The percentile function does not return the expected values. It seems to be getting the linear distance between two points the wrong way around and returns a value closer to the lower number.

For example:

array([   110531353,    167471747,    167471747,    183000406,
          200000000,    759174457,    921094606,    931142911,
         1300000000,   1341797102,   1380317195,   1380317195,
         1500000000,   1500000000,   1500000000,   1830004057,
         1932444073,   2000000000,   2000000000, 2345976525, 2500000000,
       2745006085, 2847019692, 3000000000, 3000000000, 3000000000,
       3000000000, 3312761268, 3500000000, 3588824707, 4000000000,
       4140951585, 5000000000, 6600000000, 7100000000, 7717299940,
       8445515490, 8972061767, 9662220364, 11000000000, 11042537559,
       12422854754, 13000000000, 13000000000, 13803171949, 15000000000,
       17000000000, 20000000000, 22085075118, 24845709508, 32025070994,
       34000000000, 35000000000, 36000000000, 36000000000, 39453076027,
       40000000000, 46930784627, 82819031694, 110425375592], dtype=int64)

> > > np.percentile(a,75)
> > > 14102378961.75
> > > np.percentile(a,50)
> > > 3794412353.5
> > > np.percentile(a,25)
> > > 1747503042.75

expected values:

75 = 14700792987.25
50 = 3794412353.5
25 = 1582501014.25

When reading the documentation the linear methodology seems correct but there possibly could be an issue with the fraction it is using??

@tom-bird
Copy link
Contributor

How did you arrive at your expected values?

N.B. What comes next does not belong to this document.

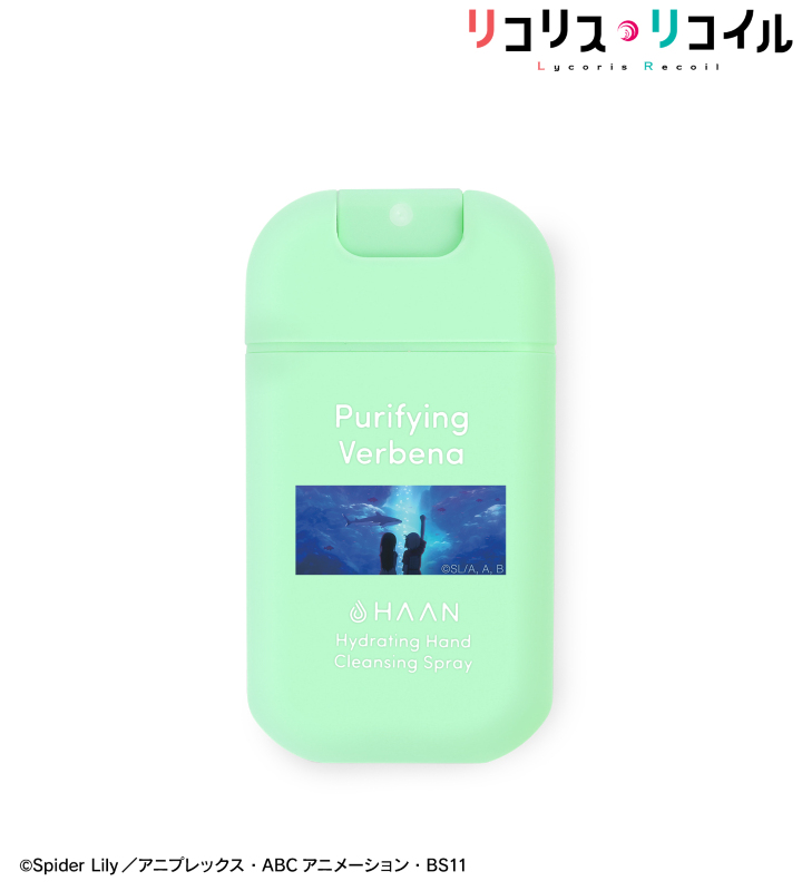 TVアニメ「リコリス・リコイル」×「HAAN」のコラボレーションアイテム「HAAN コラボ 錦木千束&井ノ上たきな ハンドクレンジングスプレー ver.A」の登場です。

I agree with the numpy values using the linear interpolation.

For example, the 75th percentile, given there are 60 items in your list, should be the 44.25th element in the sorted list. Using the linear interpolation, this is i + (j - i) * 0.25 as per the docs, where i is a[44] and j is a[45].

@charris
Copy link
Member

charris commented Jul 28, 2016

What numpy version?

@tom-bird
Copy link
Contributor

I get the same values on 1.11.1

@mikep2016
Copy link
Author

I am using numpy 1.11.1

The values I expected came firstly from SPSS which I also checked using excel's percentile function. Both of these returned the values.

75 = 14700792987.25
50 = 3794412353.5
25 = 1582501014.25

@mikep2016
Copy link
Author

Should the formula not be (n+1)*0.75 giving 45.75

@tom-bird
Copy link
Contributor

tom-bird commented Jul 29, 2016

I don't think so, (n-1)*0.75 will give you the 75th percentile, starting from a 0 index.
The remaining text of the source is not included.